Source: vignettes/articles/Grover_2011_tacrolimus.Rmd
Grover_2011_tacrolimus.Rmd

Model and source

  • Citation: Grover A, Frassetto LA, Benet LZ, Chakkera HA. Pharmacokinetic Differences Corroborate Observed Low Tacrolimus Dosage in Native American Renal Transplant Patients. Drug Metab Dispos. 2011 Nov;39(11):2017-2019. doi:10.1124/dmd.111.041350.
  • Description: Two-compartment population PK model for oral tacrolimus in adult Native American kidney transplant recipients (Grover 2011), with first-order absorption after a lag time, no covariate effects (the Native American cohort showed no association of age, sex, weight, BMI, or post-transplant duration with PK parameters), and a placeholder proportional residual error model (residual error was not reported in the short communication).
  • Article: https://doi.org/10.1124/dmd.111.041350

Population

The model was developed from 24 adult Native American kidney transplant recipients on stable twice-daily oral tacrolimus for at least one month post-transplant, recruited by systematic chart review at the Mayo Clinic Arizona, Phoenix (Grover 2011 Table 1). Mean (SD) age was 52 (13) years, weight 83.6 (19.3) kg, BMI 29.9 (5) kg/m^2, and 63% of subjects were male. Tribal affiliation was 58% Navajo, 21% Hopi, and 21% other; all subjects had both parents and both sets of grandparents of American Indian tribal-group descent. Mean (SD) duration post-transplant was 30 (23) months. 67% had diabetes mellitus before transplant, 25% had a history of acute rejection, and 13% had new-onset diabetes mellitus post-transplant.

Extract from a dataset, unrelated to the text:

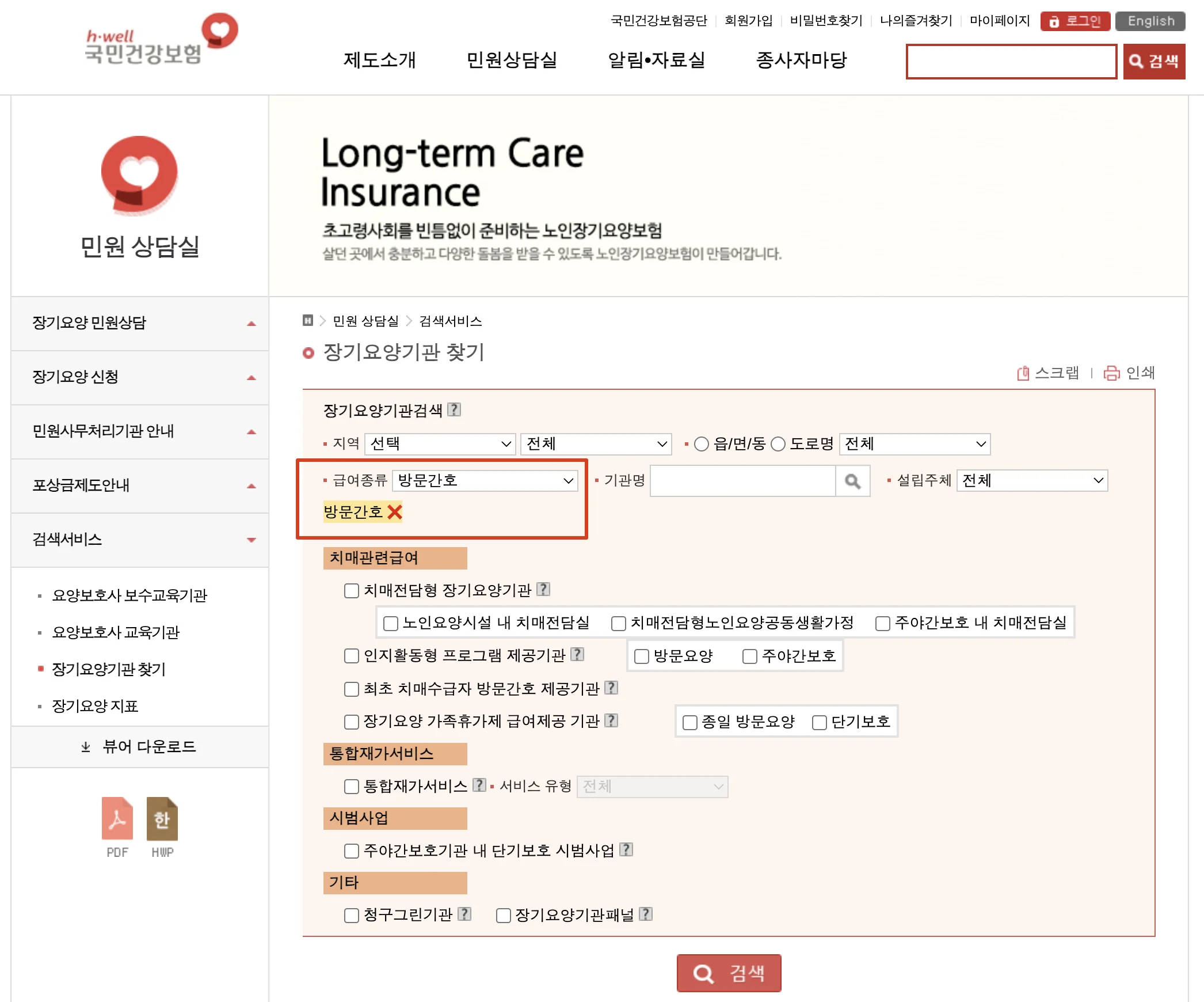 - 검색 경로: 홈페이지 → ‘장기요양기관 찾기’ → 급여종류에서 ‘방문간호’ 체크 후 지역 검색
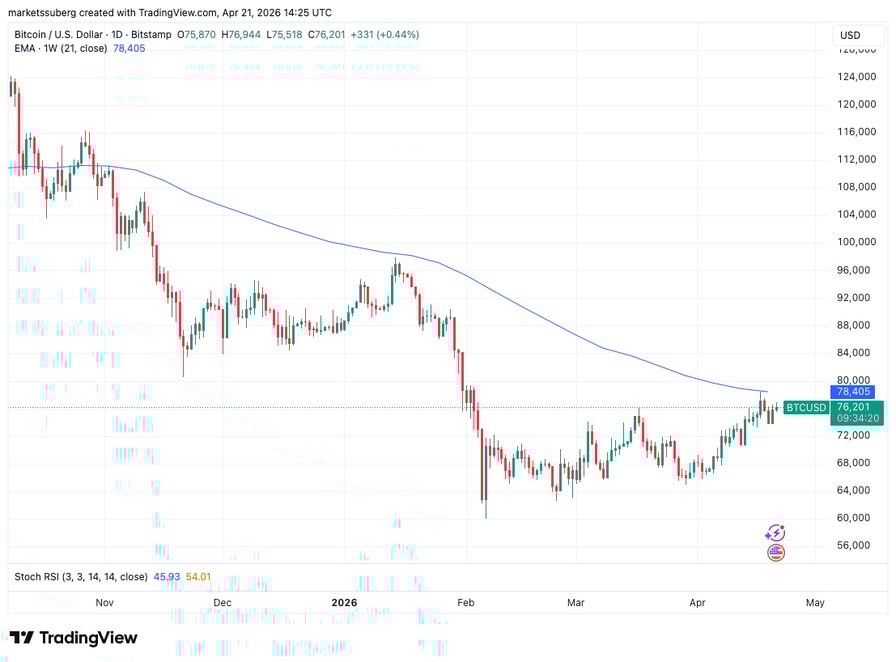 - Bitcoin bulls still need to clear the nearby 21-week trend line keeping price pinned since October 2025.

Mean (SD) twice-daily dose was 1.27 (0.644) mg, with mean (SD) total daily dose 2.54 (1.22) mg [0.033 (0.021) mg/kg/day, excluding one subject on therapy less than 4 months]. The hospital target trough levels were 10-12 ng/mL within the first month post-transplant, 8-10 ng/mL between months 1 and 4, and 5-8 ng/mL after month 4; the cohort mean (SD) trough was 6.53 (2.43) ng/mL. Each subject contributed a single 12-hour steady-state pharmacokinetic profile (pre-dose plus 0.5, 1, 2, 4, 6, 8, and 12 hours post-dose) measured in EDTA whole blood by Architect tacrolimus immunoassay (Bazin 2010).

The same information is available programmatically via readModelDb("Grover_2011_tacrolimus")$population.

Source trace

Every parameter in the model file carries an inline source-location comment. The table below collects the entries in one place.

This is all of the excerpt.